ENTRIES PROVIDED
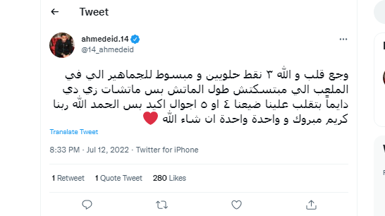 وغرد أحمد عيد عبد الملك من خلال حسابه على موقع التواصل الاجتماعي الخاص بالتدوينات القصيرة “تويتر” معلقا على فوز الزمالك قائلا: “وجع قلب و الله ٣ نقط حلويين و مبسوط للجماهير الي في الملعب الي مبتسكتش طول الماتش”.
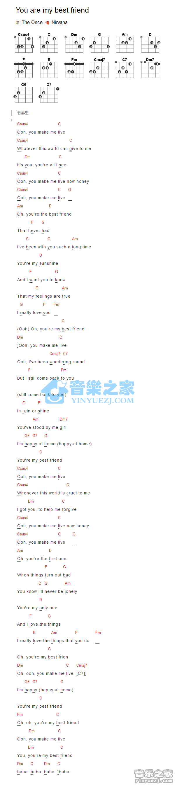 吉他TheOnce《You are my best friend》吉他谱_吉他弹唱谱_YYZJ编配
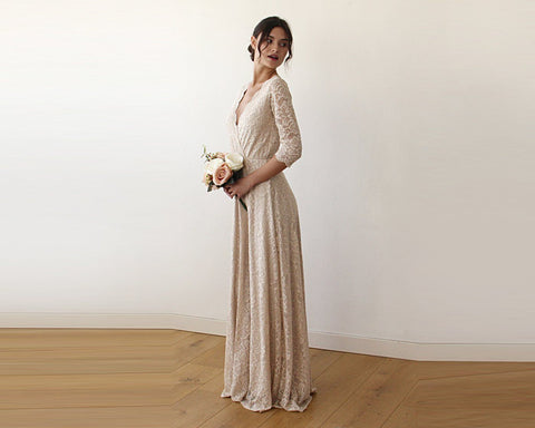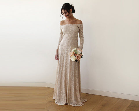 Off-The-Shoulder Blush Pink Floral Lace Long Sleeve Maxi Dress 1119
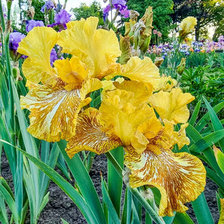 This robust, well-branched flower brings a burst of unconventional beauty, boasting butterscotch tones intermingled with whimsical streaks of golden yellow. Its falls display an extraordinary palette of mustard yellow, tan and white, each petal lightly laced and ruffled for a touch of elegance. Not just a visual masterpiece, Tiger Honey also exudes a subtle fragrance to complete the sensory experience.
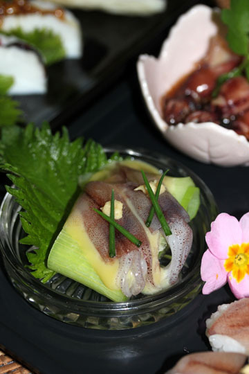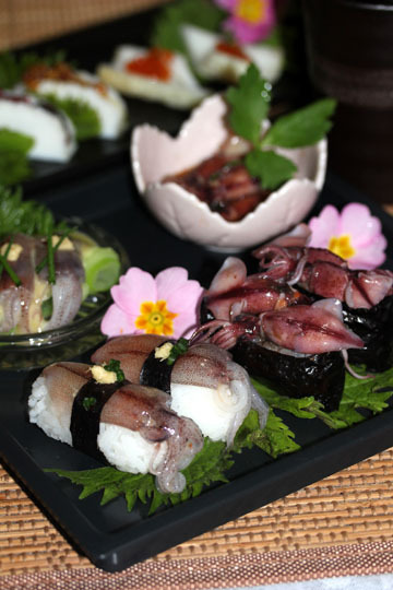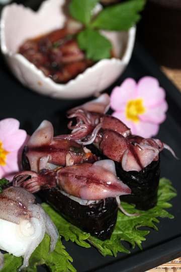 生蛍烏賊握り、ボイル蛍烏賊の軍艦、生蛍烏賊の酢味噌和え、蛍烏賊のパスタ、煮物、天麩羅、炊き込みご飯、沖漬け 等々作ってます。

HOW TO COMPLETE THIS TASK
An exact copy of the entries, minus the pictures, is what's needed here.

SOLUTION TO THIS TASK
 وغرد أحمد عيد عبد الملك من خلال حسابه على موقع التواصل الاجتماعي الخاص بالتدوينات القصيرة “تويتر” معلقا على فوز الزمالك قائلا: “وجع قلب و الله ٣ نقط حلويين و مبسوط للجماهير الي في الملعب الي مبتسكتش طول الماتش”.
 吉他TheOnce《You are my best friend》吉他谱_吉他弹唱谱_YYZJ编配
 Off-The-Shoulder Blush Pink Floral Lace Long Sleeve Maxi Dress 1119
 This robust, well-branched flower brings a burst of unconventional beauty, boasting butterscotch tones intermingled with whimsical streaks of golden yellow. Its falls display an extraordinary palette of mustard yellow, tan and white, each petal lightly laced and ruffled for a touch of elegance. Not just a visual masterpiece, Tiger Honey also exudes a subtle fragrance to complete the sensory experience.
 生蛍烏賊握り、ボイル蛍烏賊の軍艦、生蛍烏賊の酢味噌和え、蛍烏賊のパスタ、煮物、天麩羅、炊き込みご飯、沖漬け 等々作ってます。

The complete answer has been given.